I have also reviewed the following links - but they are in regards to processing XML files, not XML strings.
Parsing XML Data Into SQL Server
Importing XML file into SQL Server 2000 using OPENROWSET
I feel like there's something not quite configured right in Talend but I'm not sure where that would be.
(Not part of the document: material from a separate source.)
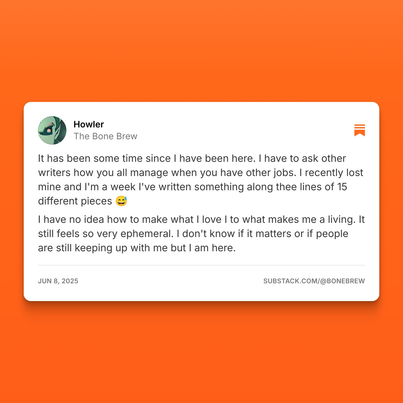 I’ve written enough to cover the next three months. Not because I’m on a productivity kick, but because my job’s gone, and this is what I do. Not when I feel inspired. Not when the algorithm is ripe. Always. It’s the only constant.

Any input/guidance would be greatly appreciated.
CodePudding user response:
Your XML shredding has no issues outside of performance.
Please see below.
So, it seems that the issue is some kind of environment related (Talend ?!).
SQL
DECLARE @logXML XML =
'<?xml version="1.0" encoding="UTF-8"?>
<LogFileContents>
<JobName>myTask</JobName>
<LogName>myLogFile</LogName>
<runDate>YYYYMMDDHHmiss</runDate>
<LogLines>
<Line>
<Number>1</Number>
<Content>1st Log Message</Content>
</Line>
<Line>
<Number>2</Number>
<Content>2nd Log Message</Content>
</Line>...
<Line>
<Number>10000</Number>
<Content>Last Log Message</Content>
</Line>
</LogLines>
</LogFileContents>';
SELECT logs.value('(JobName/text())[1]', 'varchar(500)') as JobName
, logs.value('(LogName/text())[1]', 'varchar(500)') as LogName
, logs.value('(runDate/text())[1]', 'varchar(20)') as runDate
, lines.value('(Number/text())[1]', 'integer') as LogLineNum
, lines.value('(Content/text())[1]', 'varchar(max)') as LogLine
FROM @logXML.nodes('/LogFileContents') as l1(logs)
, @logXML.nodes('/LogFileContents/LogLines/Line') as l2(lines);
Output
JobName | LogName | runDate | LogLineNum | LogLine |
---|---|---|---|---|
myTask | myLogFile | YYYYMMDDHHmiss | 1 | 1st Log Message |
myTask | myLogFile | YYYYMMDDHHmiss | 2 | 2nd Log Message |
myTask | myLogFile | YYYYMMDDHHmiss | 10000 | Last Log Message |
CodePudding user response:
So it seems that, even though I have a commit in the stored procedure, I still need an external (in Talend) commit (tDBCommit). From what I've been able to gather it has to do with the fact that I use a tDBConnection to establish the DB connection instead of configuring the tDBSP to make a connection to the DB.
Although I haven't tried it, I suspect that I could also set the "Auto Commit" property of the tDBConnection and that would work as well.